Peringati HUT ke 74, Anggota TNI Tanam 7 Ribu Bibit Pohon Mangrove di Pantai Pulau Santen

  • Bagikan
Foto: banyuwangikab

BANYUWANGI – Dalam rangka memperingati HUT ke-74 Tentara Nasional Indonesia (TNI), jajaran TNI, pelajar, relawan SAR dan masyarakat Banyuwangi melakukan penanaman ribuan pohon mangrove, di Pantai Pulau Santen, Kelurahan Karangrejo, Kecamatan Banyuwangi, Kabupaten Banyuwangi, Senin (07/10/2019).

Dilansir dari banyuwangikab.go.id, ratusan anggota TNI AD/AL, Polri memenuhi sepanjang muara yang ada di Pantai Syariah Pulau Santen. Mereka menanam ribuan bibit bakau atau tanaman penyusun mangrove di sisi barat dan timur muara dengan panjang lebih dari 200 meter.

Wakil Bupati (Wabup) Banyuwangi Yusuf Widyatmoko juga hadir bersama forum pimpinan daerah, Komandan Pangkalan Laut (Danlanal) Banyuwangi, Letkol Laut Yulius Azz Zaenal, Komandan Distrik Militer (Dandim) 0825, Letkol Inf Yuli Eko Purwanto, Kapolres Banyuwangi, AKBP Taufik Herdiansyah Zeinardi, beberapa siswa sekolah, relawan SAR dan beberapa karyawan perusahaan yang selama ini bersinggungan langsung dengan kawasan laut juga ikut turun ke dalam lumpur untuk menanam bakau.

Ucapan apresiasi mendalam disematkan oleh Wabup Yusuf ketika menghadiri kegiatan aksi menyelamatkan bumi tersebut.

“Mangrove ini akan melindungi pantai dari abrasi, dan menangkal gelombang besar termasuk tsunami.

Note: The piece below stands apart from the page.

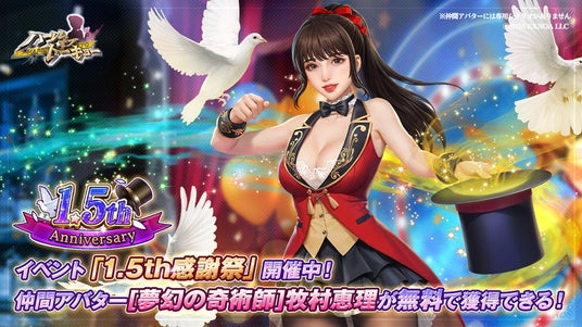 イベントページにて1日1回「イリュージョン」をすることができ、合計5回「イリュージョン」することで『牧村恵理』の新仲間アバターが獲得できます。

Kegiatan ini sangat bermanfaat dalam pelestarian lingkungan hidup, termasuk bagi masyarakat dan generasi penerus,” kata Wabup Yusuf.

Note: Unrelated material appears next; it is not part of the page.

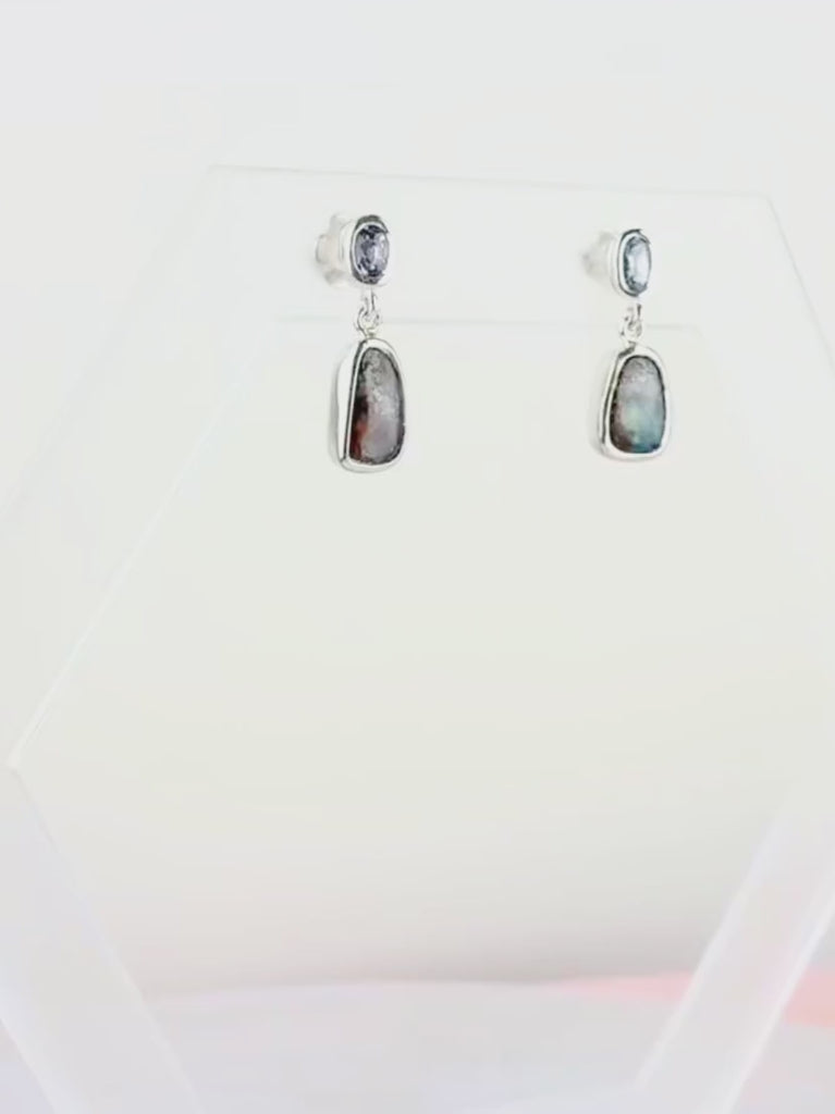 Boulder Opal and Silver Blue Sapphires Silver Drop Earrings

Sementara itu, Danlanal Banyuwangi, Letkol Laut Yulius Azz Zaenal mengatakan ada 7000 bibit bakau yang ditanam hari itu.

“Kegiatan ini menjadi bagian dari penanaman 300.074 bakau serentak yang dilakukan TNI di seluruh Indonesia dalam rangka peringatan HUT TNI ke 74,” ujar Danlanal.

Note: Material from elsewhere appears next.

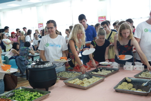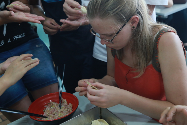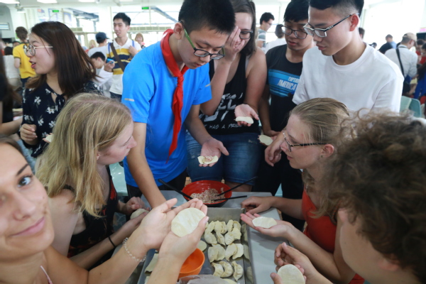 最后,中外师生共赴学校学生食堂体验中国传统文化美食活动。包饺子看似复杂,但丝毫没有抵挡外籍学生的热情,在食堂师傅演示和指导下,中外师生各司其职,中国师生和外籍师生穿插站着和坐着,中国师生教授着友人如何包饺子,外籍学生在新奇和期待后,跃跃欲试动手模仿起来。在欢声笑语中,大家一边包着饺子,一边互相交流。饺子下锅后,捞出来个个似元宝落入盘中,大家互相分享着自己的劳动成果和各种各样的自助晚餐,脸上洋溢着幸福的笑容。

Dijelaskan Danlanal, pusat penanaman dilakukan di Jakarta, tapi semua wilayah terutama yang memiliki kawasan pantai menyiapkan penanaman bakau seperti ini.

“Tanaman mangrove semacam ini bisa menyerap empat sampai lima kali lebih besar karbon di udara,” kata Danlanal.

Baca :
Penemuan Mayat Tertutup Dedaunan Kering, Ditemukan oleh Pekerja di Perkebunan Kalirejo Glenmore

“Dipilihnya pohon mangrove, untuk menjaga ekosistem seperti habitat ikan, pengurangan zat karbon di udara dan melokalisir nyamuk penyebab malaria. Selain itu untuk menjaga agar pantai tidak abrasi,” paparnya.

Danlanal menambahkan, pihaknya sengaja memilih pantai ini sebagai lokasi penanaman karena melihat abrasi di kawasan tersebut. Untuk menekan semakin meluasnya abrasi, maka dilakukan penanaman ribuan bibit mangrove di area setempat.

Sementara itu, Dandim 0825 Banyuwangi, Letkol Inf Yuli Eko Purwanto menambahkan, kawasan yang dipilih untuk penanaman bakau sendiri kebetulan adalah kawasan yang menjadi milik TNI.

“Kawasan ini tetap perlu dijaga, karena selama ini memang menjadi salah satu kawasan mangrove yang telah menjadi destinasi wisata baru di Banyuwangi,” kata Dandim.

“Selain melakukan penanaman bakau, kami juga akan melakukan pembersihan kawasan dari sampah,” tuturnya.

Hal ini menunjukkan bahwa aparat TNI dan masyarakat semakin solid dalam menjaga kebersihan lingkungan.

“Saya berharap, nantinya Mangrove yang ditanam ini bisa berkembang dengan baik,” pungkas Dandim.

Kegiatan ini diawali dengan apel persiapan kegiatan penanaman pohon mangrove, bertindak sebagai pengambil apel Danlanal Letkol Laut (P) Yulius Azz Zaenal dan diikuti Forpimda dalam rangka perayaan HUT ke-74 TNI.